Le lien entre la mythologie et la pensée politique et philosophique grecque est bien plus réel qu’on ne l’a cru jusqu’au milieu du XXème siècle, puisque, jusqu’alors on ne percevait la mythologie que soit comme des écrits fantaisistes, soit comme l’expression d’une mentalité primitive, non logique et non rationnelle. Mais, avec l’évolution de l’anthropologie avec Lévy-Strauss, de la philologie avec Dumézil et de l’herméneutique avec Ricoeur, la mythologie est pensée aujourd’hui comme l’expression d’une philosophie, voire d’une sociologie complète, comme l’expression profonde d’une société ; ainsi, ce qui est exprimé sous la forme de récits des origines ou relatifs aux dieux, devient un élément clé de compréhension des sociétés, même si les traditions populaires ont pu modeler ces textes au cours des siècles. On admet de même que des liens logiques existent dans ces récits, notamment lorsqu’ils mettent en avant des relations familiales, la société humaine n’étant finalement qu’une forme prolongée de la famille, y compris en ses corps intermédiaires…

Autant Homère aura été le représentant de l’époque héroïque, autant la poésie d’Hésiode est nouvelle, bien plus didactique. Alors que l’épopée homérique, narrative, était avant tout idéale, cherchant à recréer pour ses auditeurs l’éclat et la liberté de leur imagination, la poésie d’Hésiode est plus positive, plus calme, mais aussi plus triste, voulant avant tout instruire les hommes, ne cherchant à les charmer que dans la mesure où cette tentative permet de mieux faire passer et retenir les conseils posés.
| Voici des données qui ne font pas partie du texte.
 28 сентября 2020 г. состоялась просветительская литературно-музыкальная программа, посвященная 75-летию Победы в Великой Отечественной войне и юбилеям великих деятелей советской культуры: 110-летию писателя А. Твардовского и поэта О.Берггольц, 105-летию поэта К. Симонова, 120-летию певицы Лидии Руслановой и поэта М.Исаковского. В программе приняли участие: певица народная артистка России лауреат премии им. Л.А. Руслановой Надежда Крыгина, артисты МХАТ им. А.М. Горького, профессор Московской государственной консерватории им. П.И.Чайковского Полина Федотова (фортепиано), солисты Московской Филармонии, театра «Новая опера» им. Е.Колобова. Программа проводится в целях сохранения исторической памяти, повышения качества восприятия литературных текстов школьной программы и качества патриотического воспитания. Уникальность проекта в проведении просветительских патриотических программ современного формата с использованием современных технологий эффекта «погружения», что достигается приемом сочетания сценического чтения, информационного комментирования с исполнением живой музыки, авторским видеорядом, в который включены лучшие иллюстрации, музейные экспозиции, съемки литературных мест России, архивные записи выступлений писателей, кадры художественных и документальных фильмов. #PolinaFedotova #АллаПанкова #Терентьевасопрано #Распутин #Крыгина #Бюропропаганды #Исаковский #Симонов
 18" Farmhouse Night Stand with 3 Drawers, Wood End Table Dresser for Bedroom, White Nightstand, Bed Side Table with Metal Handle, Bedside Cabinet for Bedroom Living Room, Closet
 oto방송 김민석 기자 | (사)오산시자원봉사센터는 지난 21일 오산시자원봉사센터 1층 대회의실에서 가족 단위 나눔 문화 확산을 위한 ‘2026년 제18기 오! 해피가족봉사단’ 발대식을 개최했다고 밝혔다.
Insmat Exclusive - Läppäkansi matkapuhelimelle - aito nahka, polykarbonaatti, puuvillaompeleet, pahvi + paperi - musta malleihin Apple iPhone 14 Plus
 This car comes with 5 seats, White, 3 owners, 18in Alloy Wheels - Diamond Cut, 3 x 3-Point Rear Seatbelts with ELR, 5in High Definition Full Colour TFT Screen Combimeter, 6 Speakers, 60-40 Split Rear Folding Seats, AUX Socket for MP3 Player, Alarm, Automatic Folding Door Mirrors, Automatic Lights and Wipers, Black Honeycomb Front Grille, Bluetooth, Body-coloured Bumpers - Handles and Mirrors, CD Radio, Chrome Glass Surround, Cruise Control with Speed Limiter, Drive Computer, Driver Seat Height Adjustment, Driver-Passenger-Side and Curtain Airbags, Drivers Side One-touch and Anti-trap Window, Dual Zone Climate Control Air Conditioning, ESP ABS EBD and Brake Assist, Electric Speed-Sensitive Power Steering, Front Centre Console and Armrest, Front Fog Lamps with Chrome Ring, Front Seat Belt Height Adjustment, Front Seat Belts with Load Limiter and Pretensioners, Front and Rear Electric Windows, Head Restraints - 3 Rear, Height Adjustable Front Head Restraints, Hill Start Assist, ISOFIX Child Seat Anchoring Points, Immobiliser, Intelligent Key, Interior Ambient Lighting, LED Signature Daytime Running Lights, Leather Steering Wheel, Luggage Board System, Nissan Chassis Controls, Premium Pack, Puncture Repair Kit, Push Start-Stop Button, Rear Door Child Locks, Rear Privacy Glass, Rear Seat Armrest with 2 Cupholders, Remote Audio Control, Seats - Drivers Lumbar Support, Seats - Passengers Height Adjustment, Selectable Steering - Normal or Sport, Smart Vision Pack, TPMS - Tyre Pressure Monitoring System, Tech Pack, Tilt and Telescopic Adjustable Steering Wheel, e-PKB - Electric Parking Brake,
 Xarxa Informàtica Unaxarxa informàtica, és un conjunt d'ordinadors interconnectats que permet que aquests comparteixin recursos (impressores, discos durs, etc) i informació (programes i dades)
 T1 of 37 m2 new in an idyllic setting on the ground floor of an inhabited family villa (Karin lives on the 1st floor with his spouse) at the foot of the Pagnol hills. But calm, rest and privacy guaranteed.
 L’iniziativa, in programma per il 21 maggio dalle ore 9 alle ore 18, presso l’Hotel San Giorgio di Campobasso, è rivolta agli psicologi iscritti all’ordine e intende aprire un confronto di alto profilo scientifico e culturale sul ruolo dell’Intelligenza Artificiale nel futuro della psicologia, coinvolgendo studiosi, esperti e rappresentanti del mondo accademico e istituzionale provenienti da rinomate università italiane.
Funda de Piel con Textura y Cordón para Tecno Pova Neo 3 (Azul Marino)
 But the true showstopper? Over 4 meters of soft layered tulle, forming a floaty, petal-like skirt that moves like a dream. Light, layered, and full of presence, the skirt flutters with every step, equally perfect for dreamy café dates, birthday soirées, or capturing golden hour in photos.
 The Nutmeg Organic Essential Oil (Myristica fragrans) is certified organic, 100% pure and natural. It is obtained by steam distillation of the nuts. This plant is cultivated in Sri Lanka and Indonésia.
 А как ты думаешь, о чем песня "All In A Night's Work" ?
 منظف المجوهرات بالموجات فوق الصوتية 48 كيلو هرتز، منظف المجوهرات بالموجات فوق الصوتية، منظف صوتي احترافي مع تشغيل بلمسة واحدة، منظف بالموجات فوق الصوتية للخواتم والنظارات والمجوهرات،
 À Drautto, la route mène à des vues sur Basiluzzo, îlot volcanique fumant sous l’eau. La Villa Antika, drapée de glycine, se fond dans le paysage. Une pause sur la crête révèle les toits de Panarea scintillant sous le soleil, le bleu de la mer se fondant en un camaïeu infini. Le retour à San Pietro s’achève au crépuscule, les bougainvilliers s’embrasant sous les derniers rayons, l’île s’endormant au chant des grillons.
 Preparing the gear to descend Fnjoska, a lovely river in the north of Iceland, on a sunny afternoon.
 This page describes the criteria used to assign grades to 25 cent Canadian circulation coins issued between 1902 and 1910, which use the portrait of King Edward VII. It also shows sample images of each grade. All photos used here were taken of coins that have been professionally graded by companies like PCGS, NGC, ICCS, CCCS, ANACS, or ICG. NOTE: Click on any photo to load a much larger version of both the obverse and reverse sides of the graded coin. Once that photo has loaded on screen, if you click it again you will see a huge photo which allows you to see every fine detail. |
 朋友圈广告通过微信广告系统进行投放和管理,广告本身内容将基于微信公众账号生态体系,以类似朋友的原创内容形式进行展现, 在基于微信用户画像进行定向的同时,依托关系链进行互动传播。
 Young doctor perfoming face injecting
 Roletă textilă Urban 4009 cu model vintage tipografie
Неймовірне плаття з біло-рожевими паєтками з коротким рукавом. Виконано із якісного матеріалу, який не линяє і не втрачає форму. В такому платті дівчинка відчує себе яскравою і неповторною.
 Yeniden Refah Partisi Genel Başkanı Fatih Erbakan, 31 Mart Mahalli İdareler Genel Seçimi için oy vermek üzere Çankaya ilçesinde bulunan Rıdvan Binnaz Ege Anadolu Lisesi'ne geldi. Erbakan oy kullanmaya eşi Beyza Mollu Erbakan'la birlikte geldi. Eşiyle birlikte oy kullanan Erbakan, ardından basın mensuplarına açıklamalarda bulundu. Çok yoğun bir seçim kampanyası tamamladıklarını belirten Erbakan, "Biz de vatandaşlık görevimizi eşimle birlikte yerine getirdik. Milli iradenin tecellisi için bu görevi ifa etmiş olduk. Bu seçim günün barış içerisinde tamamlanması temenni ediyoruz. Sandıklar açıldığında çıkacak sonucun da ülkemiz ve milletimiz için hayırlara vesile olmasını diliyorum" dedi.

Ce qui prime, ce n’est plus la grandeur, la liberté, l’honneur, mais la soumission, le travail, la justice… Et cette soumission n’est pas celle d’Homère, qui était aussi grandeur et seulement devant les dieux et le destin : elle est résignation de l’homme à son sort… L’homme ne peut plus échapper à son destin, comme Ulysse réussit pourtant à la faire dans l’Odyssée ; tout au plus peut-il rechercher son bonheur domestique dans le travail, celui-ci étant constitutif de la justice. Et le mouvement général de l’œuvre d’Hésiode est un appel de la justice des hommes à la justice des dieux, dans le travail : Zeus qui gronde sur nos têtes (…) entends ma voix : regarde, écoute, que la justice règle tes arrêts… (Les travaux et les jours, vv. 8-10).

En fait, Hésiode, avant tout réaliste, cherche à retirer à l’homme sa part de rêve pour le ramener à une réalité reflétant son caractère, sa vie, ses habitudes. D’où des généalogies mythologiques rattachées à des préceptes moraux, d’où des sentences s’inspirant de la tradition des oracles versifiés de Delphes, d’où des apologues et des proverbes reliant aux habitudes populaires, d’où des préceptes techniques. Finalement, malgré ses allusions aux dieux, Hésiode est très matérialiste, et même ses dieux sont matérialisés dans leurs attitudes et dans leurs sentiments – ce qui est chez Homère –, et plus encore dans leurs représentations ! C’est Hésiode montrant les châtiments que la justice des dieux réserve aux méchants, de manière quasi-automatique et non plus en fonction de sentiments, le châtiment n’étant finalement que le non accomplissement résigné du travail ! Malgré les apparences, Hésiode est un matérialiste fondant la société sur le travail, les dieux n’étant qu’un dogme moralo-social… Cela rappelle le matérialisme marxiste et plus encore marxiste-léniniste… Et, alors qu’Homère ouvrait l’homme à la liberté par l’honneur, Hésiode renferme l’homme dans le travail par la justice… Et l’on constate bien aujourd’hui combien trop de droit nuit à la liberté !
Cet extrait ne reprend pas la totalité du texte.